Rechtspraak
Uitspraakdatum
26-08-2013
ECLI
ECLI:NL:TADRAMS:2013:67
Zaaknummer
13-088A
Inhoudsindicatie
Klacht tegen advocaat/scheidingsbemiddelaar ongegrond. Geen sprake van belangenconflict.
Uitspraak
Beslissing van 26 augustus 2013
in de zaak 13-088A
naar aanleiding van de klacht van:
de heer
klager
tegen:
mr.
advocaat te Amsterdam
verweerster
1 VERLOOP VAN DE PROCEDURE
1.1 Bij brief aan de raad van 27 maart 2013 met kenmerk 1313/284, door de raad ontvangen op 28 maart 2013, heeft de deken van de Orde van Advocaten in het arrondissement Amsterdam de klacht ter kennis van de raad gebracht.
1.2 De klacht is behandeld ter zitting van de raad van 25 juni 2013 in aanwezigheid van partijen. Van de behandeling is proces-verbaal opgemaakt.
1.3 De raad heeft kennis genomen van:
- de in 1.1 bedoelde brief van de deken aan de raad;
- de stukken genummerd 1 t/m 15 zoals opgenomen bij de brief van de deken van de Orde van Advocaten in het arrondissement Amsterdam gevoegde inventarislijst.
2 FEITEN
2.1 Voor de beoordeling van de klacht wordt, gelet op de stukken en hetgeen ter zitting is verklaard, van de volgende vaststaande feiten uitgegaan.
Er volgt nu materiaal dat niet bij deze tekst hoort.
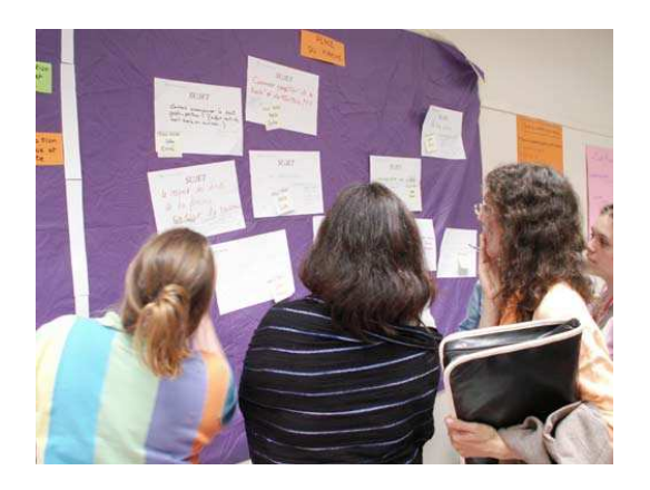
Shopping for a topic at the Open Space

15 discussion topics were chosen and covered during the two days:
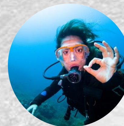
Al Jazeera Diving Centre
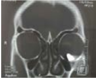
Figure 3. Coronal view of the CT-Scan indicating the door handle above the infra-orbital rim.

The patient was taken to theatre for removal of the object under general anesthesia via an extra-oral approach, consent having been obtained from the patient for both the procedure and the use of the clinical material for academic purposes.
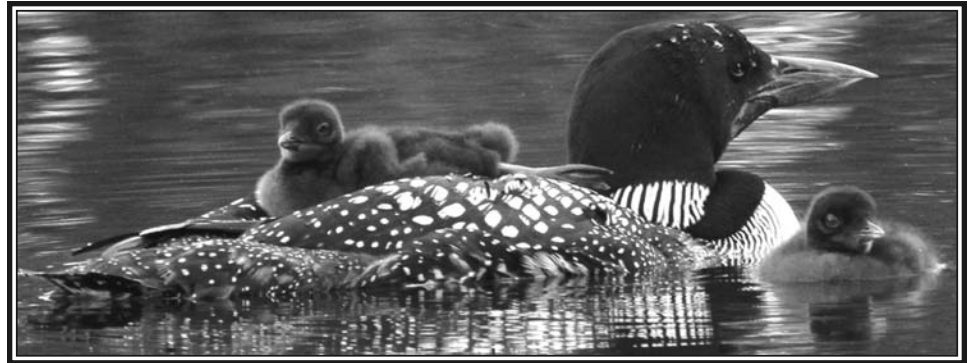
Getting a ride from mamma, as she keeps her young chicks close by!
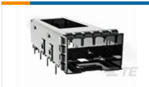
TE Part #2170261-1 SFP+ Enhanced 1x1 Cage Assembly
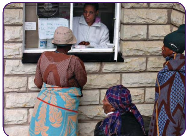
Figure 6: Women pick up prescriptions at a PIH-supported pharmacy in Lesotho

Check whether there is an adequate waiting area—ideally outside and shaded in warm climates—to accommodate patients waiting to receive medicines at the dispensary. If you plan to use the pharmacy as the main stock area for your medicines and other medical and surgical consumables, the storage should be separated from the dispensing area. If not, a pharmacy can be little more than a room with a door that locks, ample shelf space, and a window through which medicines can be dispensed. Remember
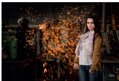
With OCF Grid
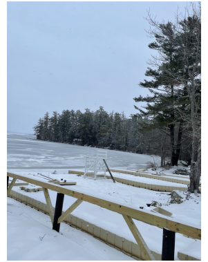
New Waterfront Railings
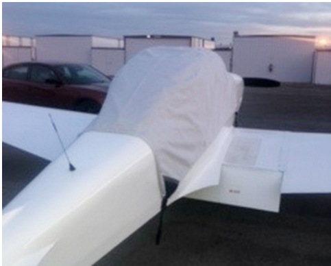
Thorp T-18 Canopy Cover
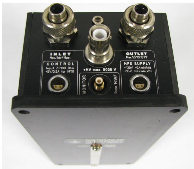
Figure 2: Front control, high-voltage, and coolant connections.

The FSWP pulser does not contain an internal high-voltage source. An external high-voltage power supply is needed, the polarity of which matches that of the pulser. The high voltage input to the FSWP pulser is via a SHV coaxial connector located on the front panel. The mating plug is included with the pulser. Regarding the choice of coax cable, there are a lot of inferior-quality coax available that are not suitable for high voltage operation. Use only cables that have a “solid PE” insulation. RG-59/BU has a slightly higher insulation thickness which will add to the voltage ratings over RG-58 however another option would be to choose a manufacturer of specialty high voltage cable such as Teledyne Reynolds part number 167-9785 which is dimensionally similar to RG-58 and RG-59 but has a voltage standoff rating of 40kV.
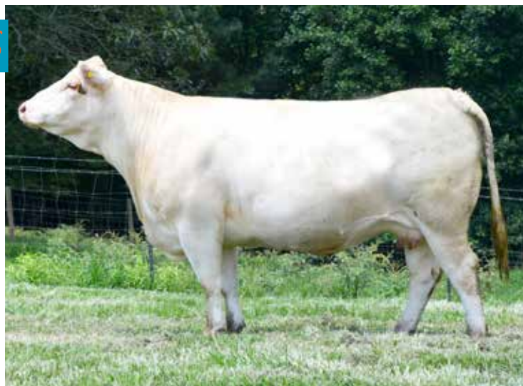
WC GIGI 776 SELLS AS LOT 56
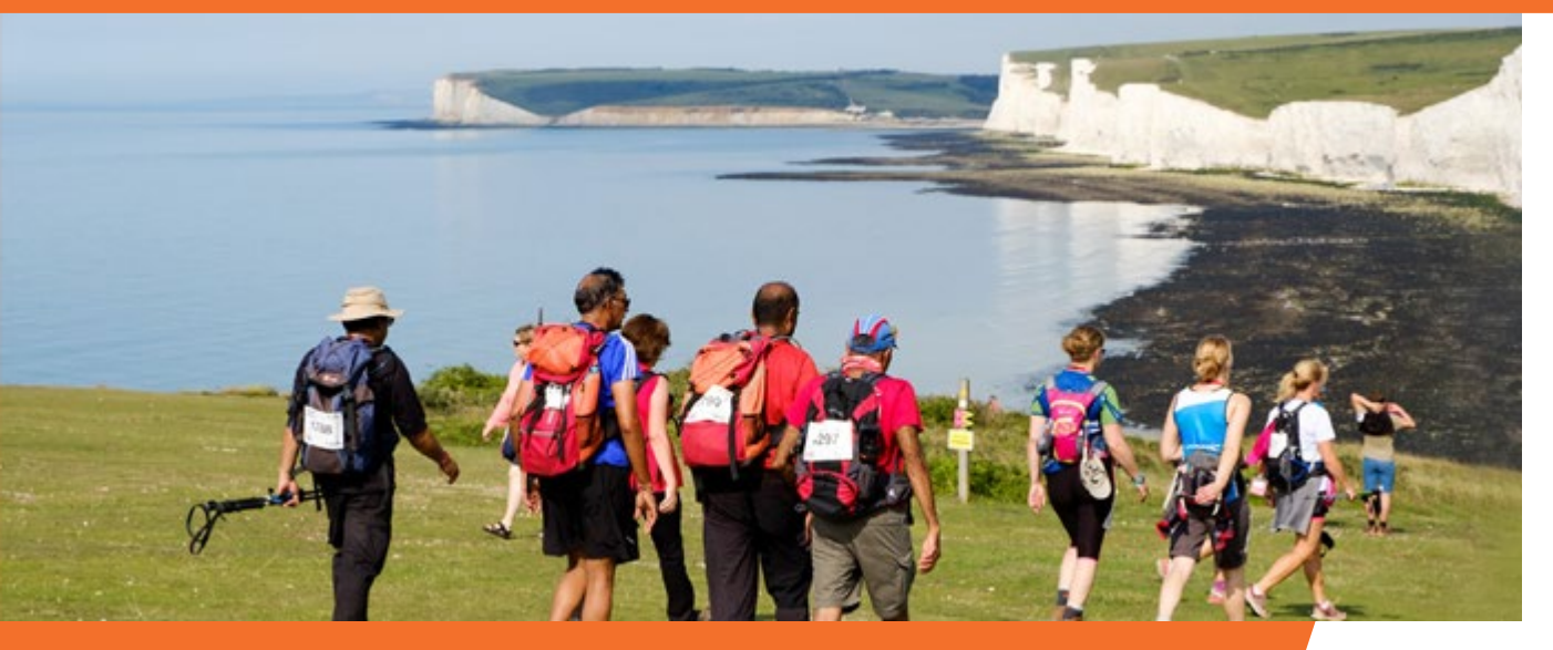
For full info, visit www.ultrachallenge.com/south-coast-challenge

Another real highlight of the season – and a truly magnificent challenge, taking on some of England's finest scenery as a Walk, Jog, or even a Run! It's an Eastbourne start, up Beachy Head, over the magnificent Seven Sisters, and along the South Downs Way with stunning views over the sea to a Brighton midpoint. Devil's Dyke, welcome rest stops, ups & downs all lie ahead before historic Arundel comes into view after an amazing 100 km journey for the 'full challenge' - and one you'll never forget. With fantastic ½ and ¼ Challenge options, camping packages at Eastbourne & Brighton - there really is something for everyone on this challenge!
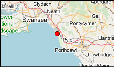
ES Figure 6.5

Brunel House 2 Fitzalan Road Cardiff CF24 0EB
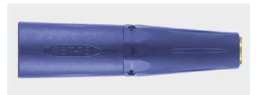
Brass. ST-75.1 without nozzle and without foam pad. Max. 350 bar / 60 °C
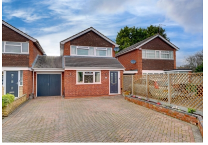
Elderberry Close, Stourport-On-Severn
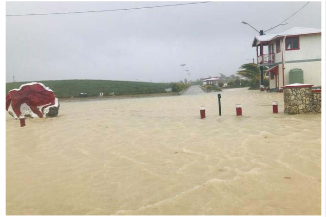
Tropical Cyclone Harold - a flooded street in Tonga.
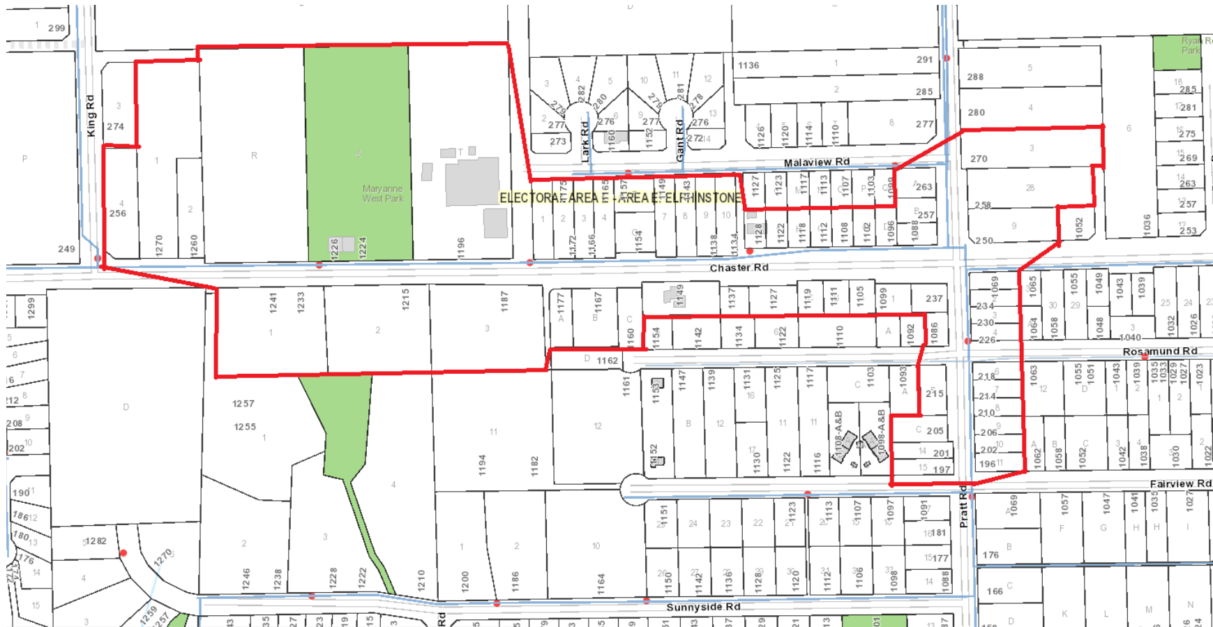
Figure 2 – Extensive Affected area and Civic Addresses from Water Main tie-in and decommissioning Works

2.2 Verweerster heeft als echtscheidingsbemiddelaar de echtscheiding van klager en zijn ex-echtgenote behandeld. Het eerste mediationgesprek heeft plaatsgevonden op 24 augustus 2011. Tijdens het tweede mediationgesprek op 7 september 2011 zijn klager en zijn ex-echtgenote het eens geworden over een vergoeding van € 100.000,-- uit de verkoopopbrengst van de echtelijke woning aan de ex-echtgenote van klager. De echtelijke woning was grotendeels gefinancierd met privégelden van klager, terwijl de eigendomsverhouding 40/60 bedroeg ten gunste van klager. Klager en zijn ex-echtgenote waren op huwelijkse voorwaarden getrouwd.
2.3 Op 7 september 2011 zond klager om 23.53 uur een e-mail aan verweerster met een cc aan zijn echtgenote met de volgende inhoud:
“Beste allebei, ik herroep, want was toch niet volledig bij zinnen. Nathalie krijgt nominaal 50.000 + Suriname + helft krediet. Niet onderhandelbaar. Mvg, Ralph”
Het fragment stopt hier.